**Exercise goal**
Images are not part of the copy; write out the rest of the data exactly as given.

**Material provided**
* * *

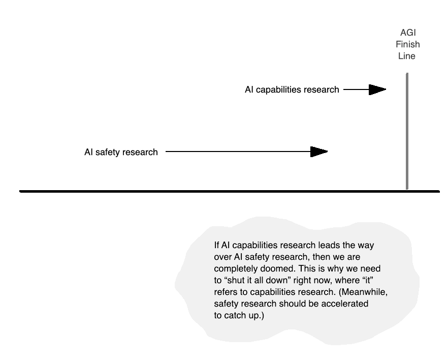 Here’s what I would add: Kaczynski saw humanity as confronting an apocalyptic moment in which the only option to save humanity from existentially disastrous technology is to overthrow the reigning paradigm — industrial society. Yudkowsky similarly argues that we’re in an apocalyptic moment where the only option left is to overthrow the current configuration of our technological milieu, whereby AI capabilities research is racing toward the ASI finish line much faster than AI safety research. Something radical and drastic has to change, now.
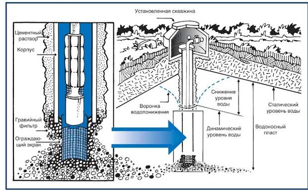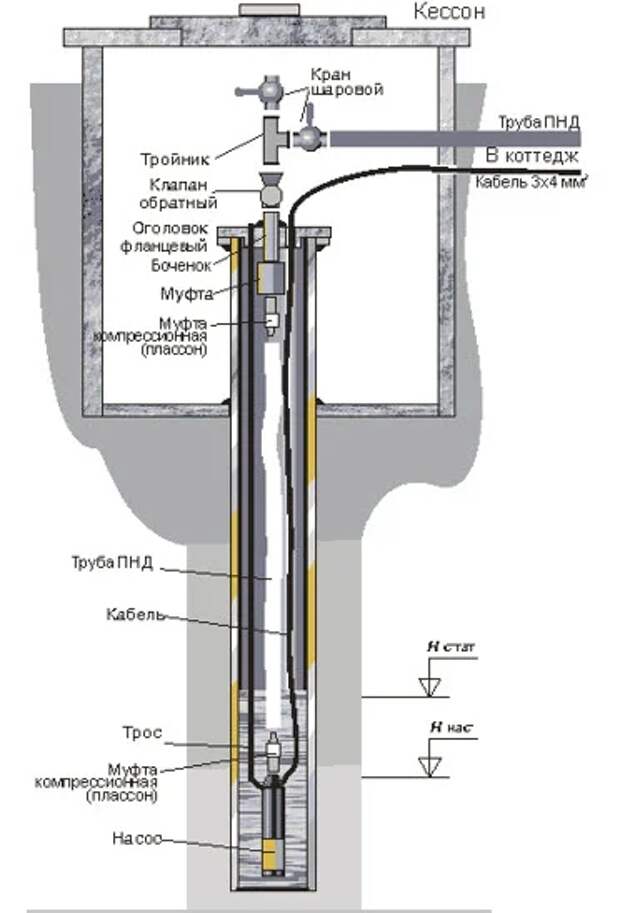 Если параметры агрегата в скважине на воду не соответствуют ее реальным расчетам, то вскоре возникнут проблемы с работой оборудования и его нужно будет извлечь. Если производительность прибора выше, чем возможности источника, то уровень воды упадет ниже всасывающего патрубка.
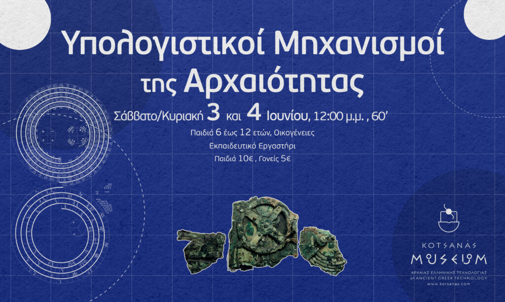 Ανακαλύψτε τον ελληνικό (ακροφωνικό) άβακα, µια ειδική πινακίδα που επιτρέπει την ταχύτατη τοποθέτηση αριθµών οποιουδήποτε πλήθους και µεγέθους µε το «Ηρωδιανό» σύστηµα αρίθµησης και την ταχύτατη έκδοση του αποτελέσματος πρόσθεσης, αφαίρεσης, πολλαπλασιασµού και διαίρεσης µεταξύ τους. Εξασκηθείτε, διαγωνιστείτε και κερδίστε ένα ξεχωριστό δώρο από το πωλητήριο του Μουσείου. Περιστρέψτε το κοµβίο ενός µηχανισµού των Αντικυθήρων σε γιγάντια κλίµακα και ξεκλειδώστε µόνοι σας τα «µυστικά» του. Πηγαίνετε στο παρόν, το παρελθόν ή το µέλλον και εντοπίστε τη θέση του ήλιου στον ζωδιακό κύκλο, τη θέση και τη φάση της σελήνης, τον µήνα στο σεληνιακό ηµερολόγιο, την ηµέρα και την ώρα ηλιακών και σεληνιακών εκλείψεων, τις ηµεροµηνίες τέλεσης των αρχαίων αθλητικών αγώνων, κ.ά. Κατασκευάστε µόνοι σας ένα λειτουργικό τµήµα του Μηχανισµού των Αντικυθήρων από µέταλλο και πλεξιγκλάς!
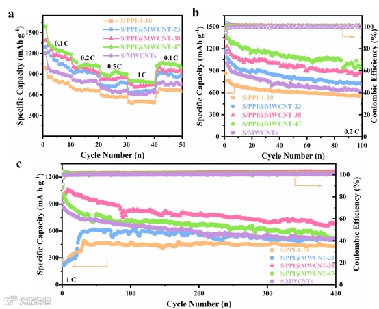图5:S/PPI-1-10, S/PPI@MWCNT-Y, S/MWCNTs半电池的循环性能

* * *

**Output below**
 Here’s what I would add: Kaczynski saw humanity as confronting an apocalyptic moment in which the only option to save humanity from existentially disastrous technology is to overthrow the reigning paradigm — industrial society. Yudkowsky similarly argues that we’re in an apocalyptic moment where the only option left is to overthrow the current configuration of our technological milieu, whereby AI capabilities research is racing toward the ASI finish line much faster than AI safety research. Something radical and drastic has to change, now.
 Если параметры агрегата в скважине на воду не соответствуют ее реальным расчетам, то вскоре возникнут проблемы с работой оборудования и его нужно будет извлечь. Если производительность прибора выше, чем возможности источника, то уровень воды упадет ниже всасывающего патрубка.
 Ανακαλύψτε τον ελληνικό (ακροφωνικό) άβακα, µια ειδική πινακίδα που επιτρέπει την ταχύτατη τοποθέτηση αριθµών οποιουδήποτε πλήθους και µεγέθους µε το «Ηρωδιανό» σύστηµα αρίθµησης και την ταχύτατη έκδοση του αποτελέσματος πρόσθεσης, αφαίρεσης, πολλαπλασιασµού και διαίρεσης µεταξύ τους. Εξασκηθείτε, διαγωνιστείτε και κερδίστε ένα ξεχωριστό δώρο από το πωλητήριο του Μουσείου. Περιστρέψτε το κοµβίο ενός µηχανισµού των Αντικυθήρων σε γιγάντια κλίµακα και ξεκλειδώστε µόνοι σας τα «µυστικά» του. Πηγαίνετε στο παρόν, το παρελθόν ή το µέλλον και εντοπίστε τη θέση του ήλιου στον ζωδιακό κύκλο, τη θέση και τη φάση της σελήνης, τον µήνα στο σεληνιακό ηµερολόγιο, την ηµέρα και την ώρα ηλιακών και σεληνιακών εκλείψεων, τις ηµεροµηνίες τέλεσης των αρχαίων αθλητικών αγώνων, κ.ά. Κατασκευάστε µόνοι σας ένα λειτουργικό τµήµα του Μηχανισµού των Αντικυθήρων από µέταλλο και πλεξιγκλάς!
图5:S/PPI-1-10, S/PPI@MWCNT-Y, S/MWCNTs半电池的循环性能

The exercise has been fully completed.